Please forward it to your colleagues and friends - it helps us tremendously.

Tutorial of the week

Microsoft’s “AI‑For‑Beginners” — A Full Curriculum in One Repo

If you’re new to AI or looking to sharpen your foundations, Microsoft’s AI‑For‑Beginners GitHub curriculum is a fantastic resource. It offers a 12‑week, 24‑lesson course with labs, quizzes, and notebooks—designed to cover everything from symbolic AI to deep learning, vision, text models, and ethics.

What You’ll Learn

Basic AI history and symbolic traditions, then moving through neural networks, convolutional vision models, GANs, and text embeddings.
Hands‑on labs in both TensorFlow and PyTorch, so you build intuition, not only theory.
Ethics and responsible AI, multi‑agent systems, and less‑common approaches like genetic algorithms.

This repo is great for beginners, students, or anyone who wants a structured learning path that doesn’t assume prior depth. It’s free, open source (MIT‑licensed), and available in dozens of languages.

🔗 Check out Microsoft’s AI‑For‑Beginners on GitHub

GitHub - microsoft/AI-For-Beginners: 12 Weeks, 24 Lessons, AI for All!

12 Weeks, 24 Lessons, AI for All! Contribute to microsoft/AI-For-Beginners development by creating an account on GitHub.
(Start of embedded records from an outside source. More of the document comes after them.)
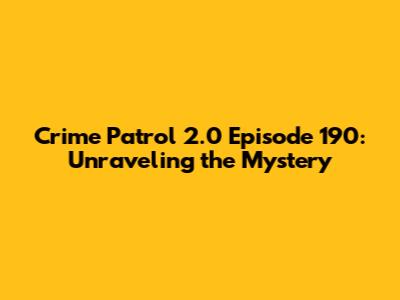 Hey guys! Are you ready to dive deep into the gritty world of crime? Today, we're dissecting Crime Patrol 2.0 Episode 190. This show, known for its gripping narratives based on real-life incidents, has kept us all on the edge of our seats for years. In this article, we'll explore what makes Crime Patrol so captivating, delve into the specifics of Episode 190, and discuss the show's impact on Indian society. So, grab your detective hats, and let's get started!
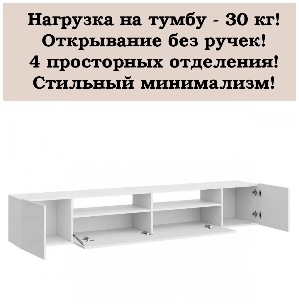 Купить Тумба под ТВ подвесная "Соло-16" - Белый (Гладкий) / Белый глянец
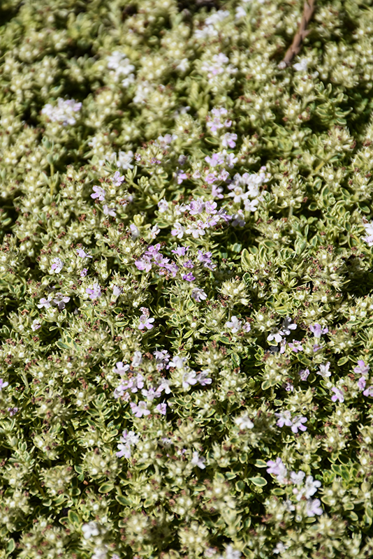 Highland Cream Creeping Thyme will grow to be only 2 inches tall at maturity extending to 3 inches tall with the flowers, with a spread of 18 inches. When grown in masses or used as a bedding plant, individual plants should be spaced approximately 16 inches apart. Its foliage tends to remain low and dense right to the ground. It grows at a fast rate, and under ideal conditions can be expected to live for approximately 10 years. As an evegreen perennial, this plant will typically keep its form and foliage year-round.
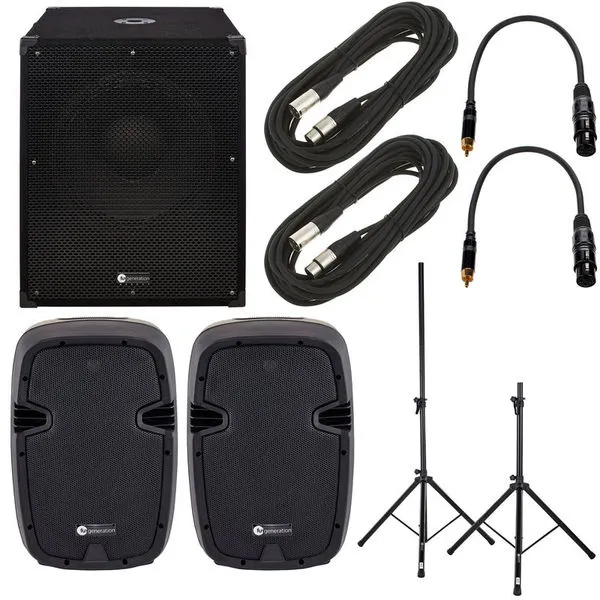 Eladó kiváló állapotú Fun Generation PL 110 A Bundle: 15˝ aktív 250/1000W Sub (40-250 Hz), benne crossover; 2 × PL 110 A aktív 10˝ hangszóró 1˝ magas, 80-18000 Hz, EQ, USB, Bluetooth, 60/320 W, speakon kimenet;A szetthez tartozik 2 állvány és azok hordtáskái, valamint kábelek.
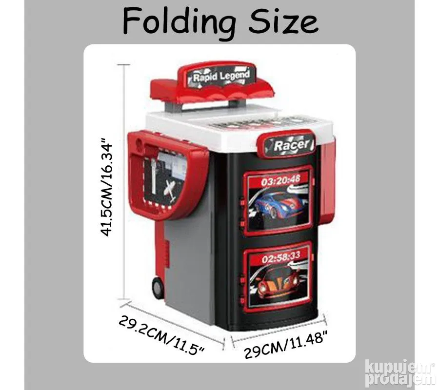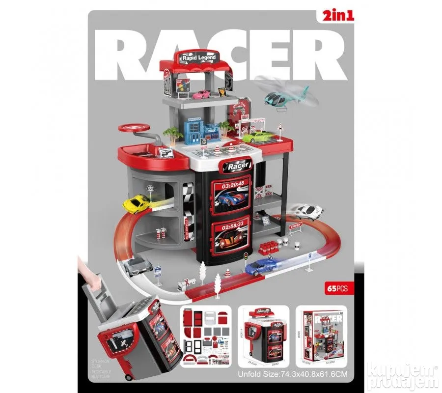 Velika trkacka staza sa auticima i parkiralistem sa sklopivim koferom ucinice igru malisana zabavnom!
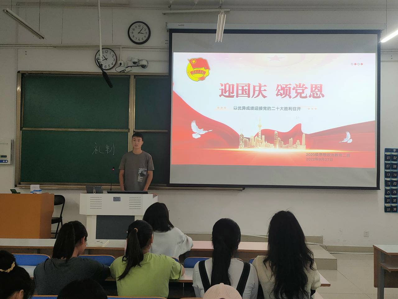 为深入回顾党和国家走过的光辉历程,促使我班团员以昂扬的姿态喜迎国庆和党的二十大,9月28日下午,2026年世界杯官网2020级思想政治教育二班、定向二班在社科楼415教室开展“迎国庆,颂党恩”主题团课。二班、定向二班全体团员共同参与本次团课。团课由团支书陈宇航主持。
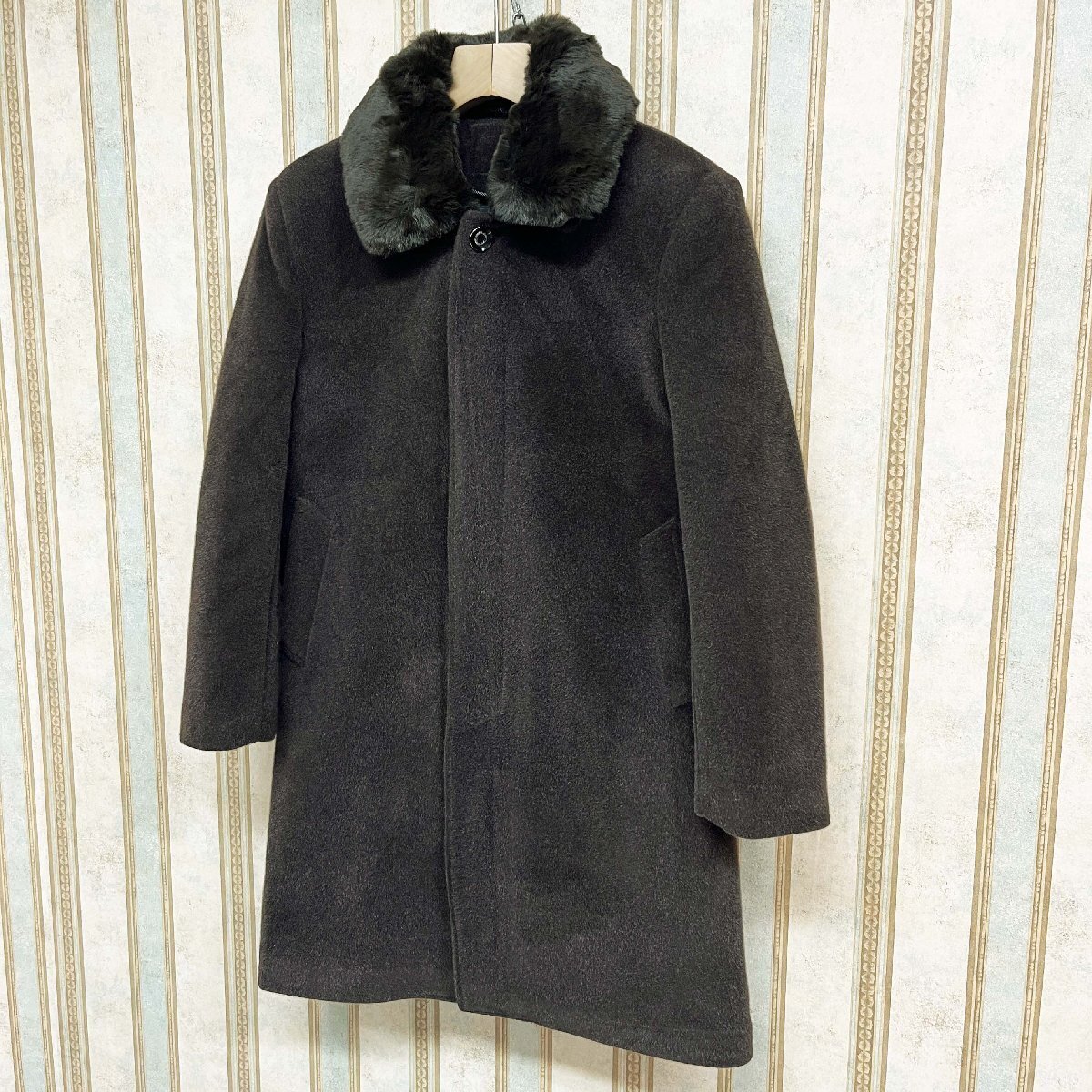 人気 定価8万 FRANKLIN MUSK・アメリカ・ニューヨーク発 ジャケット 豪華毛皮 カシミヤ100% 厚手 防風 防寒 無地 ミドル丈 コート サイズ1
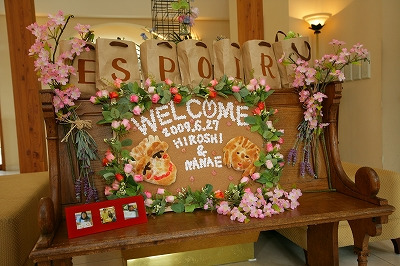 エスポワールでは駐車場から邸宅までが貸し切りになるので、大きなウェルカムボードとして
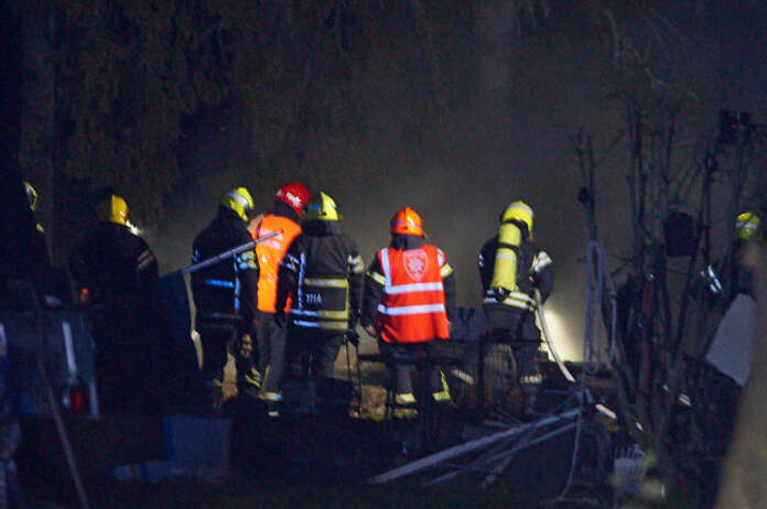 Auran Rajamäentiellä sijaitseva saunarakennus tuhoutui tulipalossa myöhään torstai-iltana (2.10.2025). Kuva: Simo Päivärinta

github.com/microsoft/AI-For-Beginners

Tool of the week

Sim — Build & Deploy Agent Workflows Fast & Open

Sim by SimStudioAI is an open‑source platform designed to help you build, deploy, and manage AI agent workflows easily. It’s low‑code/no‑code friendly, supports self‑hosting, multiple models, tools integrations, and offers flexibility in how you run your agents.

🔍 Why Sim is worth checking out

Flexible deployment models: You can run Sim in the cloud (via sim.ai) or self‑host it using Docker containers, dev containers, or a local setup with Ollama.
Supports many LLM tools and embedding systems: Works with local or remote AI models, uses pgvector (PostgreSQL extension) for embeddings, and lets you add knowledge bases or semantic search.
Workflow & agent orchestration: Sim provides a UI for stitching together tools, agents, and actions. You can define triggers, integrate APIs, or use prompt‑based tools in your workflows.
Open license & community traction: Licensed under Apache‑2.0, with over 15k stars on GitHub. It’s getting attention fast in the AI tooling ecosystem.
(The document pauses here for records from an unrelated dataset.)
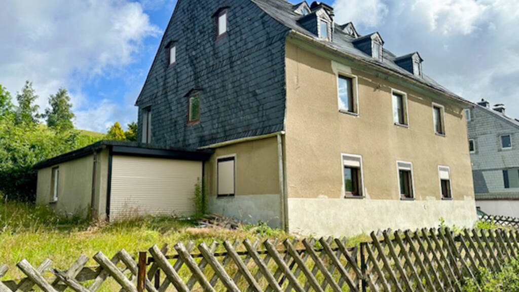 Zum Verkauf steht ein um 1924 massiv erbautes Zweifamilienhaus in schöner Ortslage von Gelenau mit einer Wohnfläche von ca. 205 m². Das Haus hat genügend Platz für Ihre Familie, auch als Mehrgenrationenhaus mit einer separaten Wohnung im Erdgeschoss. Durch seine Größe bietet das sanierungsbedürftige Haus dem zukünftigen Eigentümer viel Potential und Möglichkeiten beim Ausbau. Für eine Komplettsanierung wurden im Haus schon einige Vorarbeiten geleistet, wie zum Beispiel eine Beräumung und Entkernung, Entsorgung der aspesthaltigen Fassadenverkleidung am Giebel sowie die Fällung von übergroßen Nadelbäumen auf dem Grundstück. Die Gesamtgrundstücksgröße beläuft sich auf ca. 1.300 m² mit einem Gartenbereich, welcher sehr schön angelegt werden kann. Hier können Sie Feierabends oder am Wochenende in ruhiger Natur Erholung vom Alltag finden. Weiterhin erwerben Sie noch eine Doppelgarage mit Rolltor und ausgebautem Dachboden als Lagerfläche. Sanierungs- bzw. Renovierungsarbeiten sind bei diesem Objekt notwendig und handwerkliche Fähigkeiten vorteilhaft.
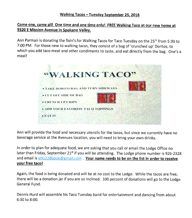 Mercy, September was a busy month! Just four days after our trip to Pullman, Ann put together a 'Walking Taco' night at the Elks Lodge. Here is the announcement in the Lodge Bulletin: ![]() If you haven't tried walking tacos, you should. (perhaps another recipe for Ann's Corner?) There were some difficulties getting this show on the road however. About the time we were ready to pre-heat the food at home, the power went out! No electricity: no stove, no microwave, and no crock pots. We quickly packed up our stuff and headed for the Lodge to do the prep work. Another problem! Not having used the kitchen range in our new Lodge facility, we found that it has a 'lockout' feature that avoids inadvertent heating of the stove top burners. A phone call to someone who knew, 'unlocked' the stove so we could proceed. On with the show! In addition to the tacos, the festivities included two piņatas, one for kids and one for adults. The kid's prizes were mostly candy. Gotta get that sugar high goin' for the young ones! Adult's prizes included a half dozen or so 'miniatures' of various adult beverages. All prizes included a strip of paper with one of the 'Hillbilly Wisdom' sayings or quotes you have seen for many years at the end of each of these newsletters. The big prize for the evening was a drawing for a nice, crisp $100 bill! Everyone who was on the reservation list received a ticket for this drawing when they arrived. The winner was Lodge member, Sharon Garrett. In all there were eighty some attendees, the largest gathering for a Lodge function in a long time! A big THANK YOU to Little Heifer, as she did most of the work and donated the food for this function! Unfortunately we were so busy keeping everything moving and on schedule, we didn't take any photos, so you'll have to use your imagination. With upcoming hunting seasons it was time to sight in the rifles we would be using for deer. I undertook the chore on October 9th. Ann elected her Savage Lady Hunter in .308 Winchester, me my Sako M85 in .30-06, and Rick chose the Ruger M77 MKII in .300 Win Mag. Note, I said THE Ruger instead of HIS Ruger. In spite of Rick's repeated attempts to claim the Ruger as HIS rifle over the years, I'ts still mine! ![]() Ann's Savage .308
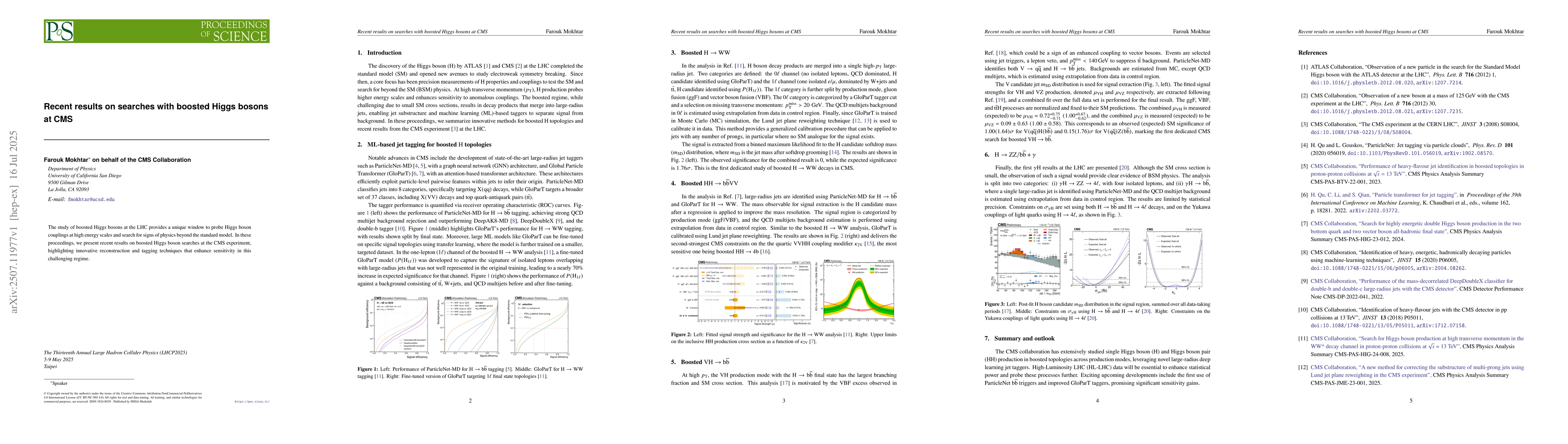 The study of boosted Higgs bosons at the LHC provides a unique window to probe Higgs boson couplings at high energy scales and search for signs of physics beyond the standard model. In these proceedings, we present recent results on boosted Higgs boson searches at the CMS experiment, highlighting innovative reconstruction and tagging techniques that enhance sensitivity in this challenging regime.
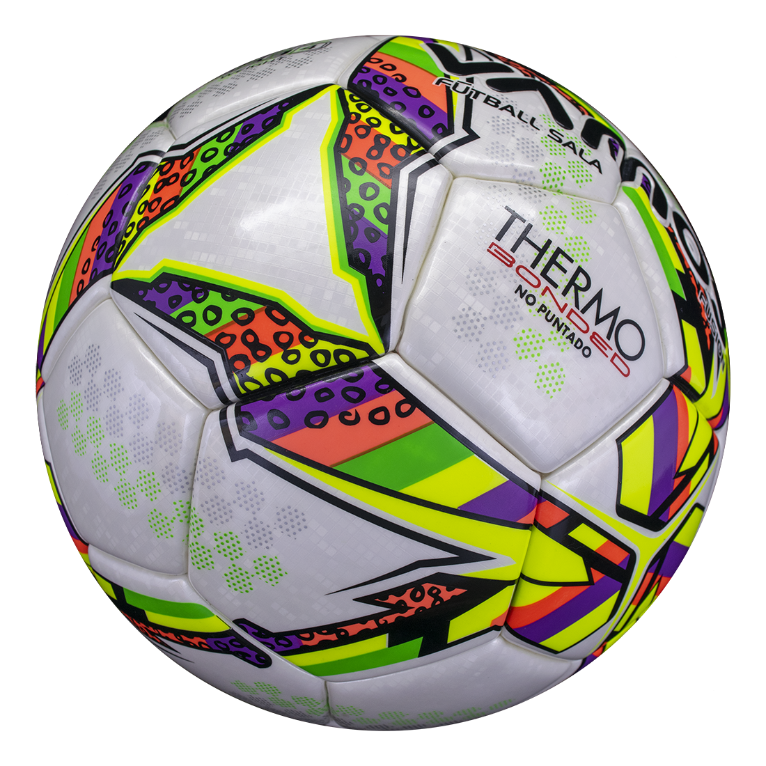 Профессиональный футзальный мяч Vamos Fusion с ярким дизайном и переливающейся текстурированной поверхностью. Соответствует стандартам игры в футзал и одобрен Перуанской Футбольной Ассоциацией Футзала.
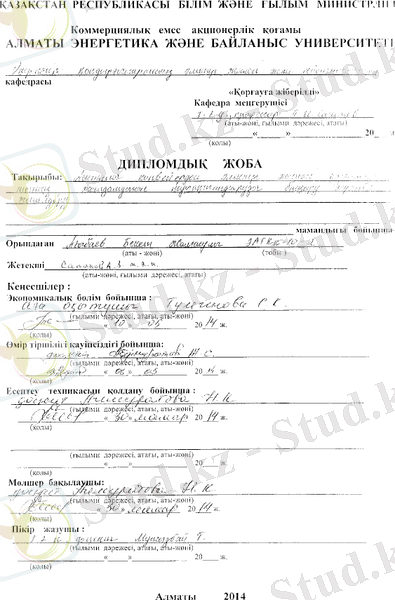 Дипломдық жұмыстың экономикалық бөлімінде тиристорлы кернеу

⚒️ Where it really shines / Use cases

Teams that want to spin up agents quickly without tight dependence on a single vendor.
Projects needing embeddings, semantic search, or knowledge base lookups built into their agents.
Scenarios where you want local control (self‑hosted) or want to avoid latency / cost overhead of constant cloud API usage.

🔗 Explore Sim on GitHub

GitHub - simstudioai/sim: Open-source platform to build and deploy AI agent workflows.

Open-source platform to build and deploy AI agent workflows. - simstudioai/sim

github.com/simstudioai/sim?tab=readme-ov-file

LLMs That Don’t Change Their Mind — Solving AI’s Repeatability Problem

You’d think setting temperature=0 would give you the same output every time. But as many devs know, it doesn’t—until now. In a new deep-dive from Thinking Machines, the AI lab founded by former OpenAI CTO Horace He, they explain why LLMs still behave unpredictably—and how to make them fully deterministic.
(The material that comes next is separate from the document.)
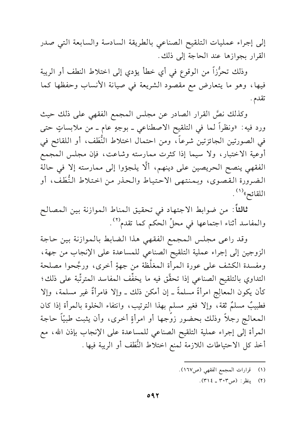 وكذلك نصَّ القرار الصادر عن مجلس المجمع الفقهي على ذلك حيث ورد فيه: " ونظرًا لما في التلقيح الاصطناعي- بوجهٍ عام-من ملابساتٍ حتى في الصورتين الجائزتين شرعًا، ومن احتمال اختلاط النُّطَف، أو اللقائح في أوعية الاختبار، ولاسيما إذا كثرت ممارسته وشاعت، فإن مجلس المجمع الفقهي ينصح الحريصين على دينهم، ألاَّ يلجؤوا إلى ممارسته إلا في حالة الضرورة القصوى، وبمنتهى الاحتياط والحذر من اختلاط النُّطَف، أو اللقائح" (١).

The root cause? Not randomness, but subtle issues in floating-point math, batch-size variance, and non-associative GPU kernels (yes, really). Their fix: a modified inference engine using batch-invariant kernels that forces the model to produce bit-exact outputs—even across thousands of completions.

🧠 Why it matters:

✅ Deterministic output improves testability, debugging, and reproducibility
🧩 Great for inference caching, audit trails, and RL fine-tuning
📦 Works with real models like Qwen and LLaMA—open-sourced in their repo

This could be a major step forward in production-grade AI, where “close enough” isn't always good enough.

🔗 Read the full blog post

Defeating Nondeterminism in LLM Inference

Reproducibility is a bedrock of scientific progress. However, it’s remarkably difficult to get reproducible results out of large language models.

thinkingmachines.ai/blog/defeating-nondeterminism-in-llm-inference

Also in the news

Google Boosts LLM Accuracy with SLED Decoding

Google researchers introduced SLED, a decoding method that taps into all model layers—not just the final one—to improve factual accuracy. It delivers up to 16% better results on benchmarks with only a small compute trade-off.
🔗 Read the full blog post

Claude Gets File Creation and Code Execution

Anthropic has added code execution and file creation to Claude, allowing it to run code, generate files, and share them with users directly inside chats. This brings it closer to the capabilities of ChatGPT and Gemini, especially for tasks like data analysis, scripting, and plotting.
🔗 Read the announcement

Mistral Raises €1.7B in Series C to Power Europe’s AI Ambitions

Mistral has closed a massive €1.7 billion Series C round, pushing its valuation to €11.7B and further solidifying its position as Europe’s AI flagship. The round was led by ASML, with participation from investors like Nvidia, Samsung, and Salesforce. The funding will accelerate development of open-weight models and scale infrastructure for real-world AI deployment.
🔗 Read the full announcement

Oracle Stock Surges on AI and OpenAI Momentum

Oracle shares jumped after reports revealed deeper integration with OpenAI and Microsoft for cloud and AI workloads. The company is now seen as a key backend player in the growing AI infrastructure race, further boosted by strong quarterly cloud revenue.
🔗 Read the article

Is In-Context Learning Actually Learning?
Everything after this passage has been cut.